In June, home prices were down 5.9 percent from a year ago, according to the Federal Housing Finance Authority.
But the average price was up 0.9 percent month-over-month in June, topping the 0.4 percent gain registered in May.
Prices have now fallen 18.8 percent from the 2007 top. The latest report was the 15th decline in the last 17 quarters. After such a steep and sustained decline, it looks like recent data show that prices have stopped plummeting, and seem to be finding a bottom.
Another disappointing piece of economic news came from the revision to GDP in the second quarter. As a whole, the nation’s economy grew by only 1 percent in the quarter. But digging into the data, we see that this report also held good news for home prices.
The price inflator for residential property was up by 2.1 percent in the quarter, its fourth consecutive quarterly gain.
A large number of homes in the foreclosure process will continue to be a drag on prices.

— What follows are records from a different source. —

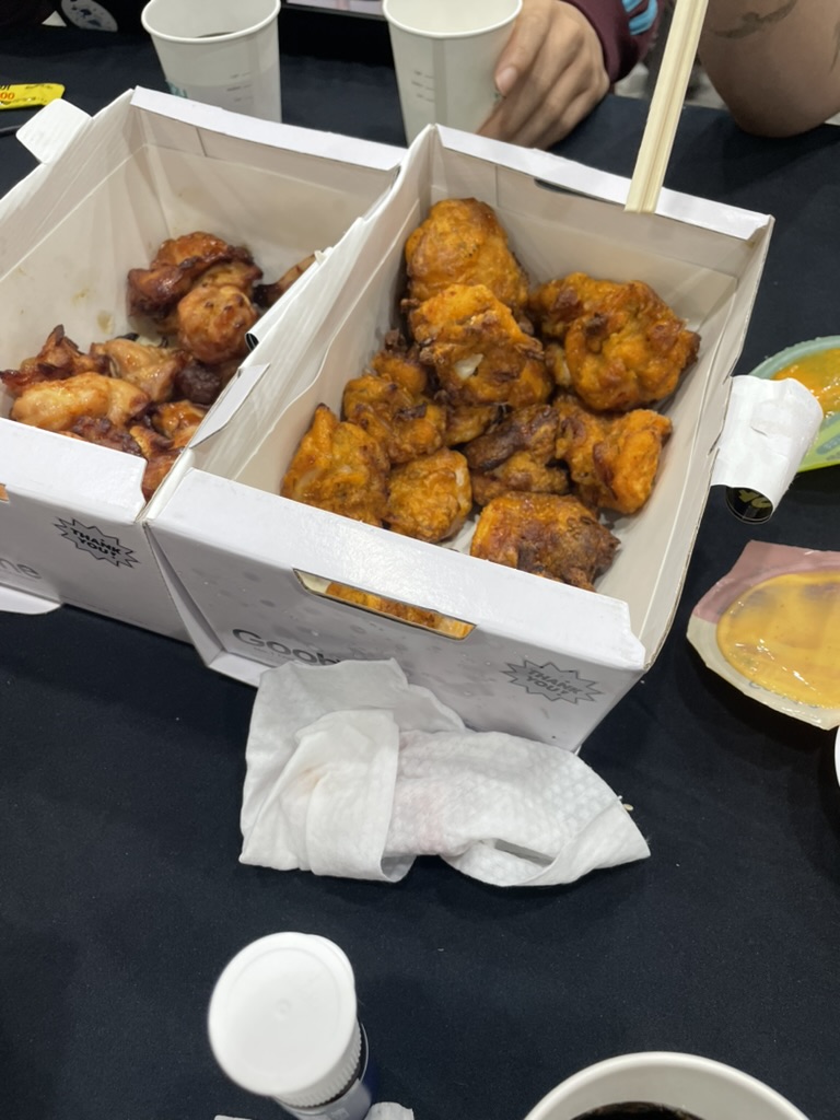 제출 후 3시간정도 배달음식을 시켜먹을 수 있는 시간을 준다. 우리는 굽네치킨을 먹었다.
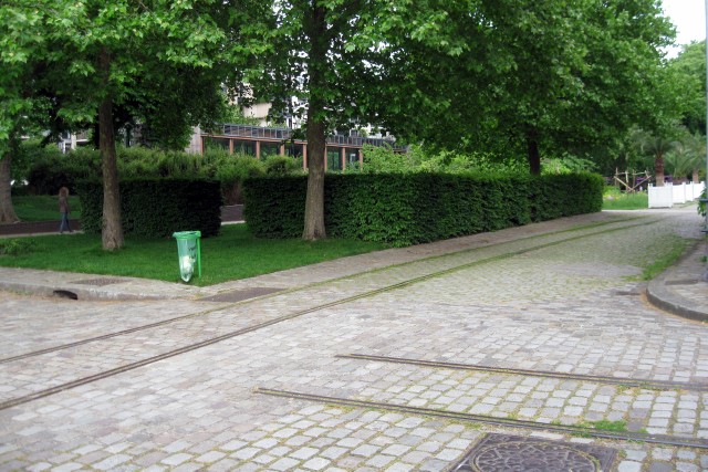 | Commentaire photo - Ce site vinicole, haut en couleurs sinon en colorants, fut désaffecté et rasé entre 1979 et 1989. De nos jours, les allées du Parc de Bercy et les rues de Bercy Village ont conservé en partie les anciennes chaussées et leur trame orthogonale. Sur les pavés, les rails. | |
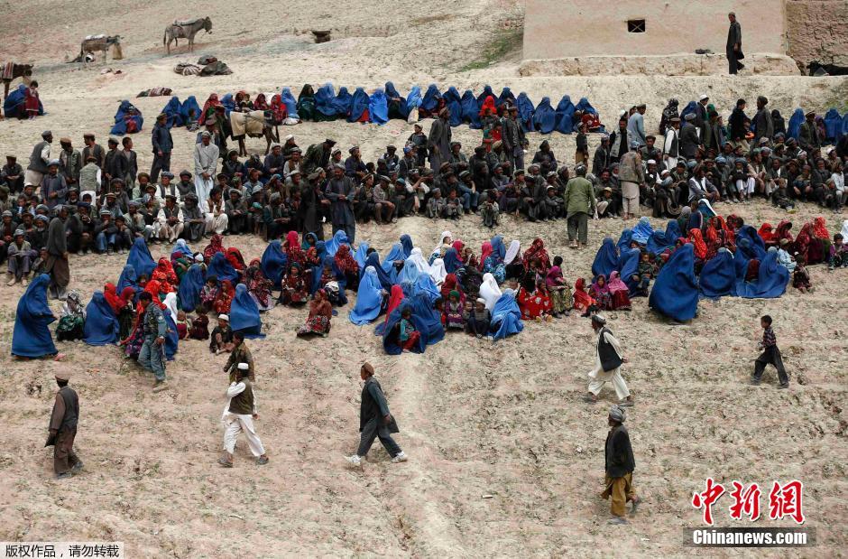 当地时间2014年5月4日,阿富汗巴达赫尚省,山体滑坡受灾区民众等待物资救援。阿富汗第二副总统哈利利3日透露,2日发生在阿东北部巴达赫尚省的山体滑坡已造成至少255人遇难。参与救援的国际移民组织认为,灾害致死人数最高可达2700人。
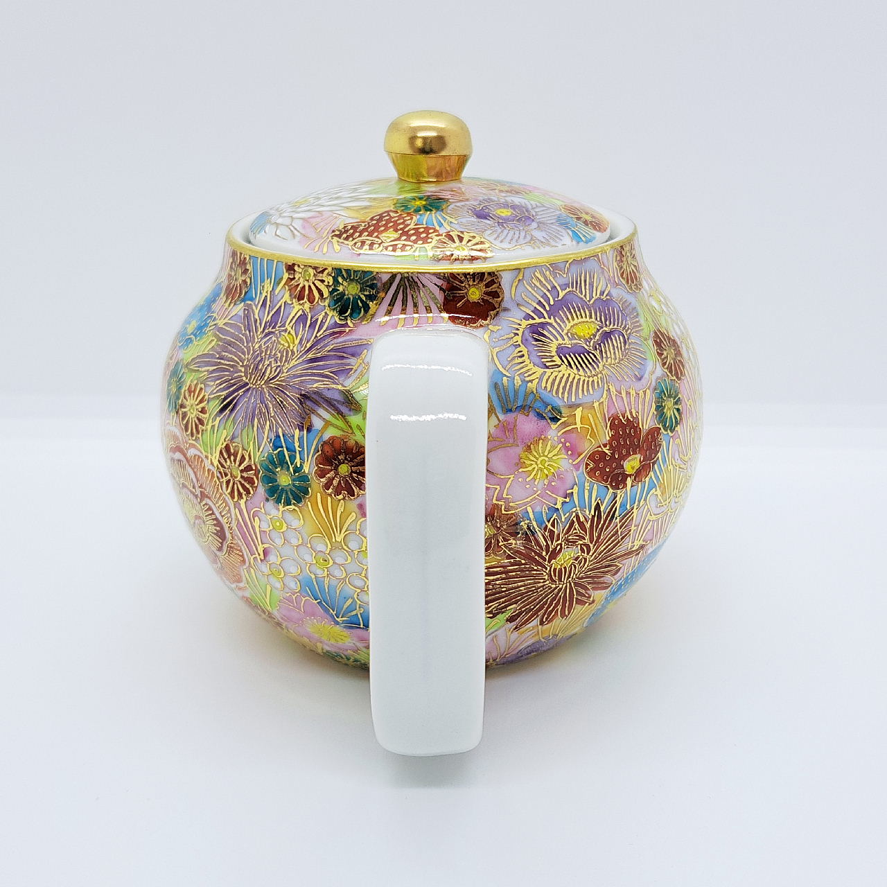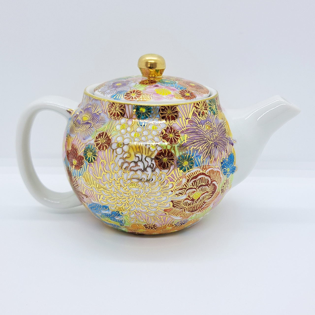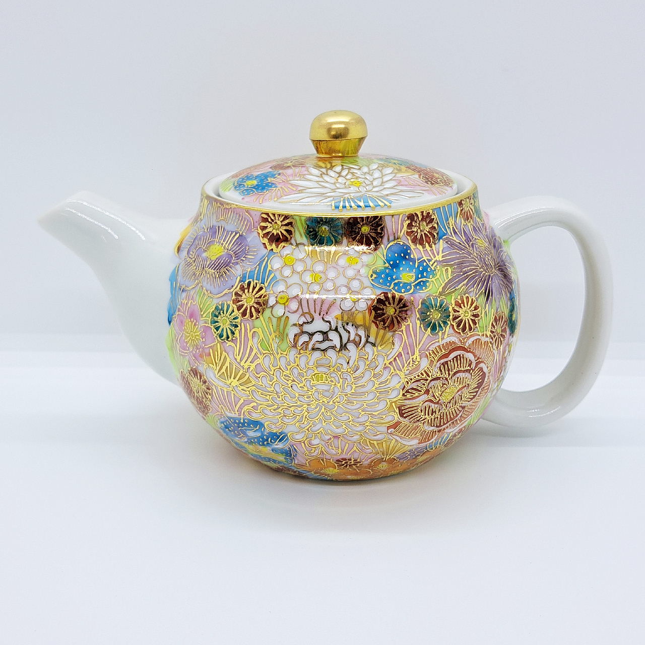 大小様々な色とりどりの花柄を敷き詰めた華やかな絵柄と金が施されているので高級感があります。
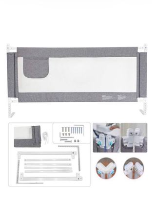 Barrera de seguridad para cama de bebé o niño, de 150 cm de largo y color gris.se puede entregar en centro comercial xanadu en las tardes o en Toledo Hormigos o disponible para envíos - Tejido de malla transpirable. - Bolsillo lateral. - Estructura metálica. - Incluye accesorios de montaje.
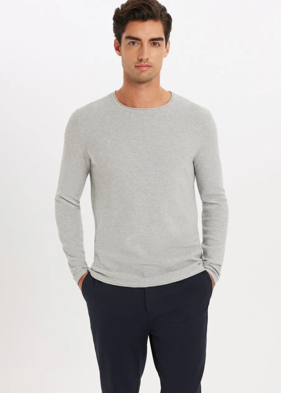 Deze gebreide trui van Hallinger heeft lange mouwen, een ronde hals en een comfortabele pasvorm. De trui is gemaakt van een gemĂȘleerde stof met een opvallende structuur. Combineer met een jeans voor een casual look.
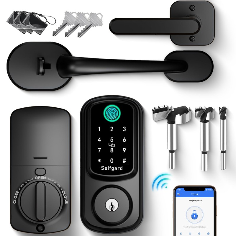 - 【Effortless App Control】:Seifgard Smart Door Lock for Front Door paired with WiFi Gateway ( Sold Separately), you can lock/unlock your keypad smart deadbolt lock anywhere anytime with TTlock app control, set up codes remotely, and check real-time access logs. even when you're away. With the auto-lock feature, your home's security is always maintained effortlessly.
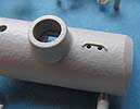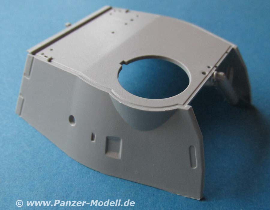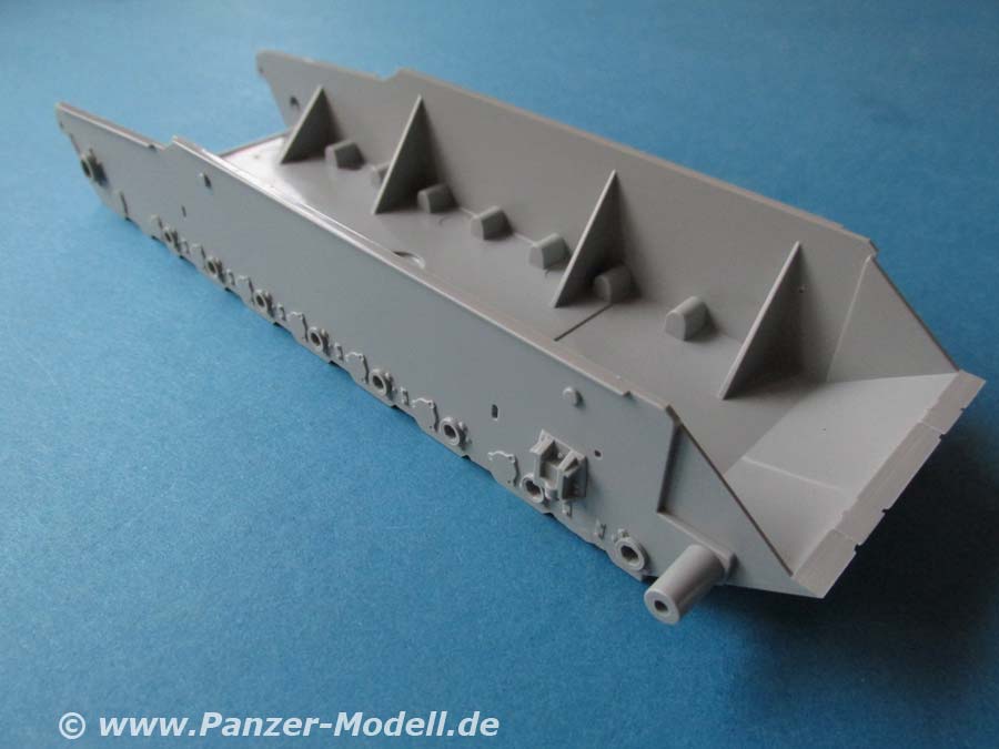 Ober- und Unterwanne müssen um die Details der verzahnten Panzerplatten durch verspachteln beraubt werden, da die Versuchsserie nur aus Weichstahl produziert wurde. Auch an der Heckplatte müssen aufgeprägte Details entfernt und 5mm des unteren Rands entfernt werden, wie auch im Heckbereich der Unterwanne (vorsicht - die Anleitung zeigt dabei auf den vorderen Teil der Wanne).
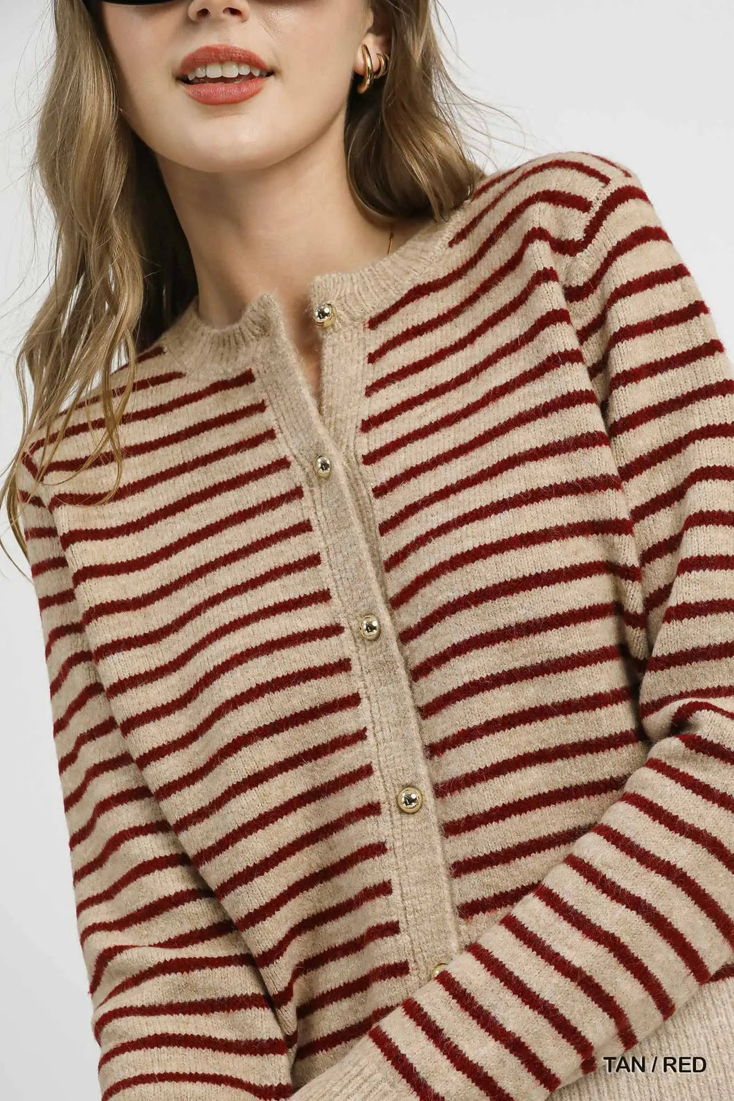This striped button-up knit cardigan features a timeless crew neck and cozy long sleeves with ribbed cuffs for a comfortable fit. The classic stripe pattern adds a casual, laid-back vibe, while the button-up front makes it easy to layer over your favorite tops. Perfect for everyday wear, it combines style and comfort effortlessly.
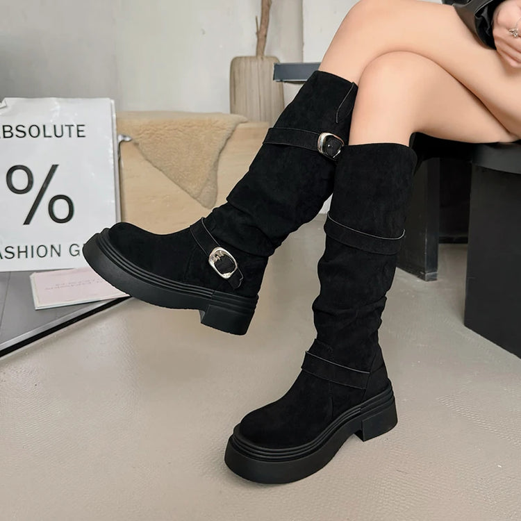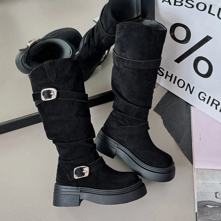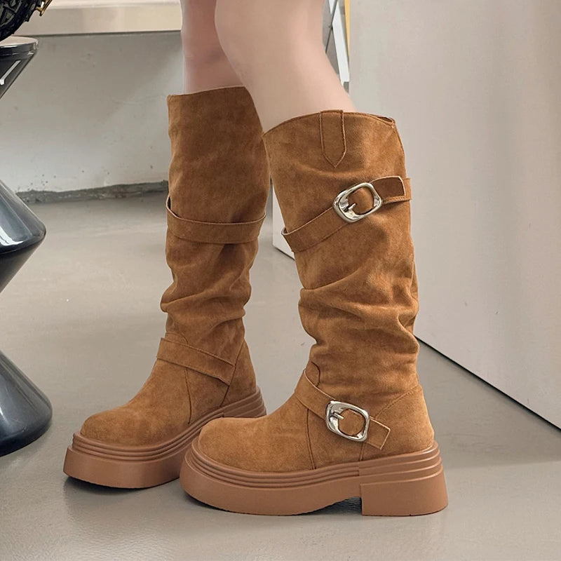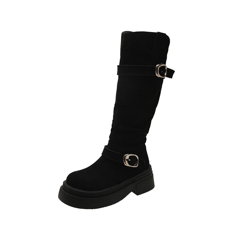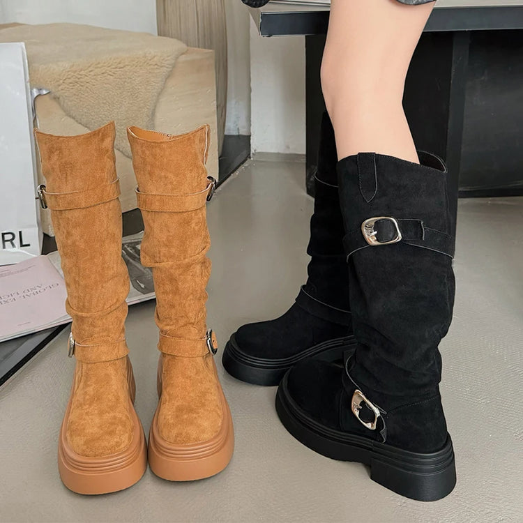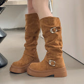2025 New Women Long Boots Flats Shoes Knee High Chelsea Boots Winter Trend Walking Sport Shoes Suede Casual Mujer Snow Botas

That means home prices aren’t likely to shoot higher from current levels.
But they also seem unlikely to fall much lower. A bottom could take time to form, but the worst of this four-year bear market seems to be behind us.
Prices now sit where they were in 2004. This is the level where the bubble took hold and double digit gains became normal in housing markets. From the perspective of a technical analyst, having completely retraced the bubble, prices should be at a bottom.